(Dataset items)
——

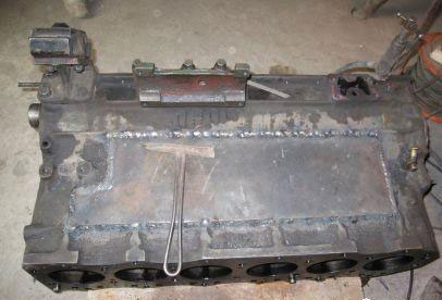 因碎裂太多,这是采用粘补焊接法焊补的汽车缸体
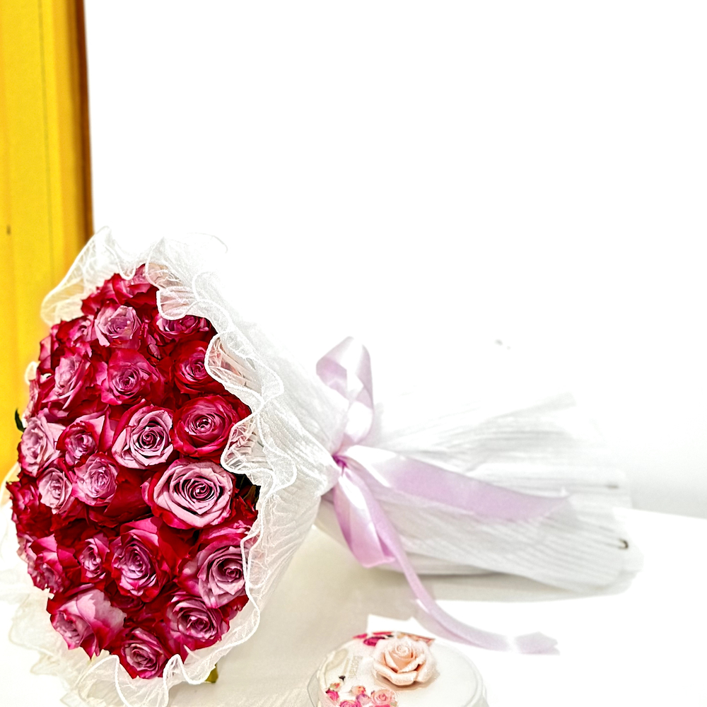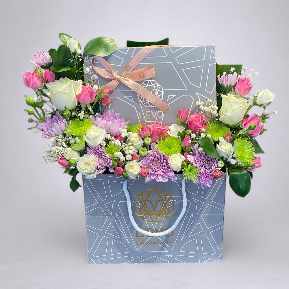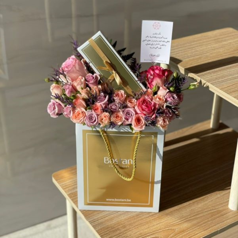 A bouquet containing roses and eucalyptus with Belgian chocolate from Boustany.
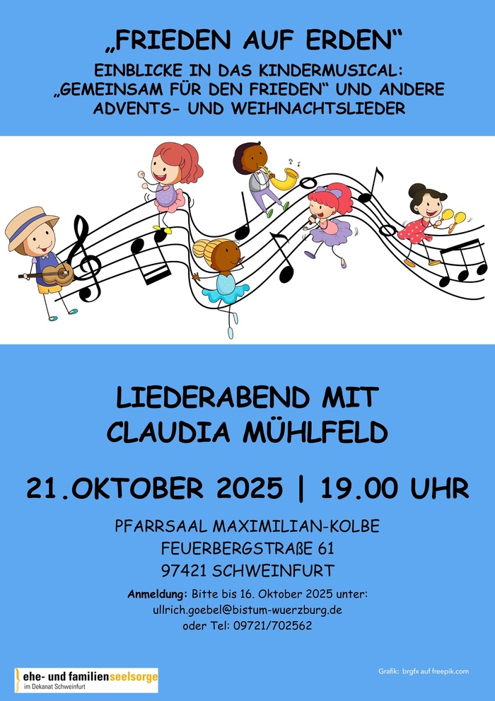 Die Ehe- und Familienseelsorge Schweinfurt bietet einen Liederabend für Ehrenamtliche in der Kinder- und Familienliturgie und weitere Interessierte an. Die Liedermacherin Claudia Mühlfeld stellt dabei schwerpunktmäßig Songs aus dem Kindermusical: „Gemeinsam für den Frieden“ vor. Aber auch Advents- und Weihnachtslieder sollen ihren Platz haben. Die Veranstaltung findet im Pfarrsaal von Maximilian Kolbe in Schweinfurt statt und ist kostenlos.
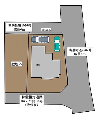 【区画図】接道の幅員は約4mで間口は約8.76mございます。お車は2台駐車できるように拡張いたしました。
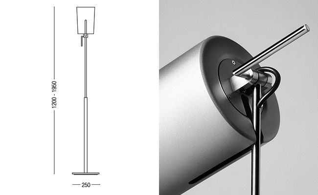 Свет → Светильники → ANTA → Tuba Торшер. Цвет - лакированный алюминий или белая лакировка. Регулируемый по высоте. Абажур поворачивается и вращается. Напряжение 230 В. Освещение - лампа макс. 75 Вт цоколь Е27.
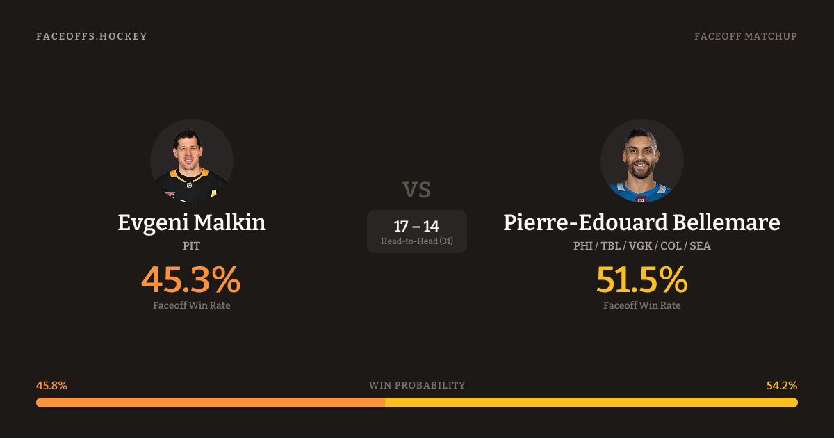 Evgeni Malkin vs Pierre-Edouard Bellemare — Faceoff Head-to-Head
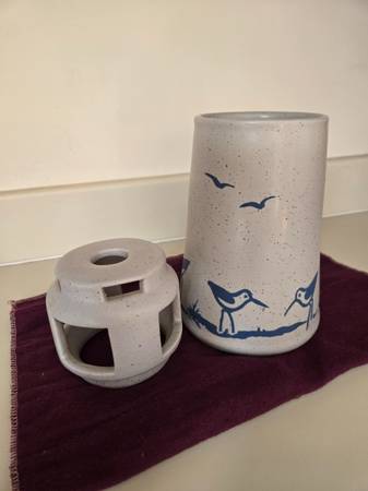 Vintage Sanibel Pottery candle/oil lamp canister in shape of lighthouse. A unique piece that adds a touch of nautical charm to any room. Stands nine inches high. Excellent condition with no chips,...
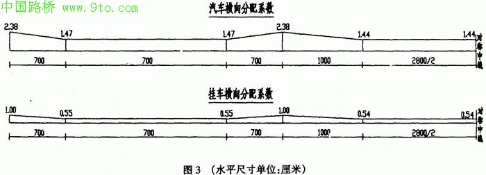 为了计算每一个箱子在全桥长度上的横向分配系数,接等代刚度法将本桥等代成34+48+34m三跨等截面简支梁,再以简支梁作为受力模型,用刚结板法计算每个箱子的横向分配系数,然后,将各跨的横向分配系数综合起来得到每一个箱子在全桥长度上的横向分配系数,具体使用程序为本院正交预应力混凝土简文梁桥设计计算程序《SBBD》,计算结果见图3。
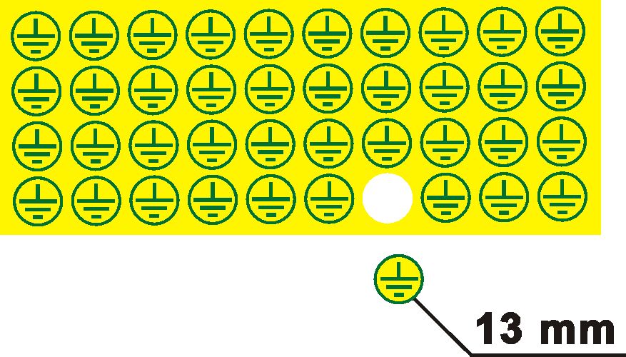 Drobná, ale technicky zásadní bezpečnostní samolepka se symbolem ochranného uzemnění. Je určena pro přesné značení připojovacích bodů ochranných vodičů přímo na elektrických zařízeních, v rozvaděčích a na kovových kostrách strojů.
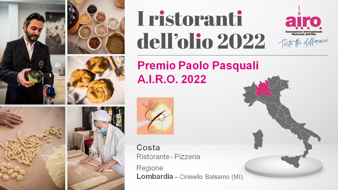 - Premio Paolo Pasquali A.I.R.O. 2022 – Ristorante Pizzeria Costa (di Claudio Rugna) – Cinisiello Balsamo (MI)
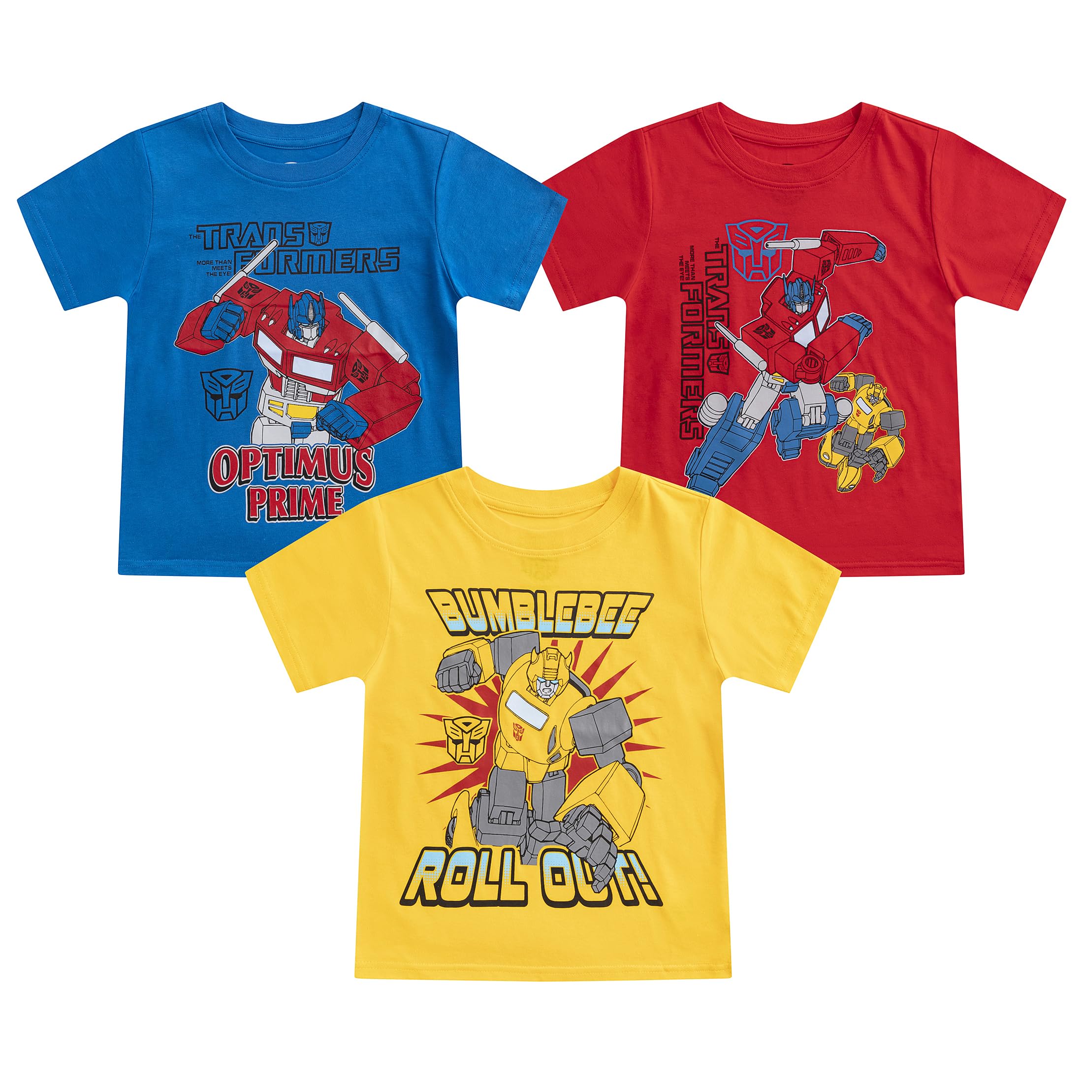 Cool and Comfy Hasbro Transformers Boys Short Sleeve Shirts Pack for Little Boys. The Perfect Boys Clothing Packs. Contains One Cool Blue Transformers Optimus Prime Print T-Shirt, One Amazing Yellow Bumblebee Roll Out! Print T-Shirt, and One Stylish Red Transformers Optimus Prime and Bumblebee Print T-Shirt. Dress Your Little Boy in These Comfy and Stylish T-Shirts for Little Kids Featuring His Favorite Transformers Characters; Optimus Prime and Bumblebee! Perfect as Size 4 Boys Shirt, Size 5 Boys Shirt, Size 6 Boys Shirt and Size 7 Boys Shirt. The Perfect Outfit for the Spring and Summer Season. An Ideal Tees for Your Son or Grandson. He Will Look Absolutely Adorable! Ideal for Transformers Birthdays, Playdates and Many Other Occasions! Officially Licensed Hasbro Transformers Boy Clothes

——

Give again, word for word, the lines from the one containing "Drobná, ale technicky" through the last line of the entries, with pictures omitted and nothing added.

- **ANSWER SECTION**
 Drobná, ale technicky zásadní bezpečnostní samolepka se symbolem ochranného uzemnění. Je určena pro přesné značení připojovacích bodů ochranných vodičů přímo na elektrických zařízeních, v rozvaděčích a na kovových kostrách strojů.
 - Premio Paolo Pasquali A.I.R.O. 2022 – Ristorante Pizzeria Costa (di Claudio Rugna) – Cinisiello Balsamo (MI)
 Cool and Comfy Hasbro Transformers Boys Short Sleeve Shirts Pack for Little Boys. The Perfect Boys Clothing Packs. Contains One Cool Blue Transformers Optimus Prime Print T-Shirt, One Amazing Yellow Bumblebee Roll Out! Print T-Shirt, and One Stylish Red Transformers Optimus Prime and Bumblebee Print T-Shirt. Dress Your Little Boy in These Comfy and Stylish T-Shirts for Little Kids Featuring His Favorite Transformers Characters; Optimus Prime and Bumblebee! Perfect as Size 4 Boys Shirt, Size 5 Boys Shirt, Size 6 Boys Shirt and Size 7 Boys Shirt. The Perfect Outfit for the Spring and Summer Season. An Ideal Tees for Your Son or Grandson. He Will Look Absolutely Adorable! Ideal for Transformers Birthdays, Playdates and Many Other Occasions! Officially Licensed Hasbro Transformers Boy Clothes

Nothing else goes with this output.